Memang kembali harus diakui bahwa lemahnya pengawasan terhadap faskes menjadi salah
satu faktor penyebab utama persoalan ini. Sangat sulit memang mengawasi faskes dalam
pelayanan obat-obatan kepada pasien dengan membedakan pasien BPJS dan bukan peserta
BPJS. Siapa yang mampu menjamin bahwasanya semua obat yang dibeli dengan harga ekatalog HANYA akan diberikan kepada pasien peserta BPJS ? Siapa yang dapat memastikan
bahwa obat-obatan yang dibeli oleh faskes (pemerintah dan swasta) TIDAK dijual kepada
pasien bukan peserta BPJS dengan tarif RS ? Ditekankan disini bahwa peluang moral
hazzard ini tidak hanya terjadi di faskes swasta, namun faskes pemerintah pun tetap
memiliki kemungkinan yang sama sampai Universal Health Coverage (UHC) di Indonesia
dapat tercapai. Dan lagi-lagi menurut saya adalah peran Badan Pengawas Rumah Sakit
(BPRS) yang belum berjalan optimal dan maksimal.
Adanya temuan kasus moral hazzard di sebuah/beberapa faskes TIDAK BOLEH menjadi
alasan pembenaran oleh industri farmasi dan PBF tidak mau melayani pembelian obatobatan dengan harga e-katalog oleh faskes dan apotek jejaring BPJS. Yang melakukan
penyalahgunaan silahkan ditindak, tapi saya yakin masih banyak faskes swasta dan apotek
jejaring yang masih tetap menjalankan pelayanan dengan baik dan benar sesuai ketentuan
yang berlaku. Tidak adil bagi faskes swasta dan apotek jejaring BPJS yang memiliki
komitmen tinggi terhadap program JKN ini jika harus terkena "getahnya".

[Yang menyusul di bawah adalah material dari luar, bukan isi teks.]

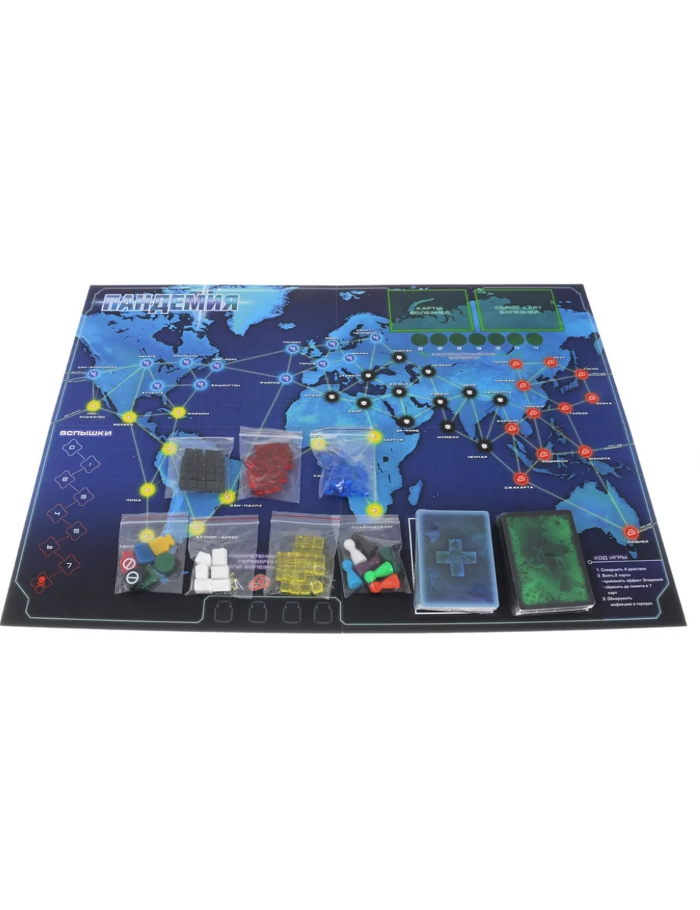 Пандемия - кооперативная игра. Все игроки или выигрывают, или проигрывают одновременно. Цель игры: изобрести лекарства от всех четырех болезней. У каждого игрока есть своя роль с особыми способностями, помогающими команде победить. Ход каждого игрока состоит из трех шагов. Совершить четыре действия, взять две карты игроков, обнаружить болезни в городах.

Melakukan pemecahan masalah yang sangat rumit terkait penyedian obat-obatan dan BHP
bagi peserta program JKN sembari terus berupaya memperbaiki sistem pengadaan,
penyaluran (distibusi) juga pengawasan merupakan salah satu faktor kunci utama
keberhasilan program JKN menuju Universal Health Coverage (UHC) Indonesia tahun 2019.
Selama masalah "complicated" ini tidak diatasi, maka rasanya sangat sulit memenuhi
komitmen faskes yang tidak boleh ada iur biaya terhadap pasien peserta BPJS Kesehatan.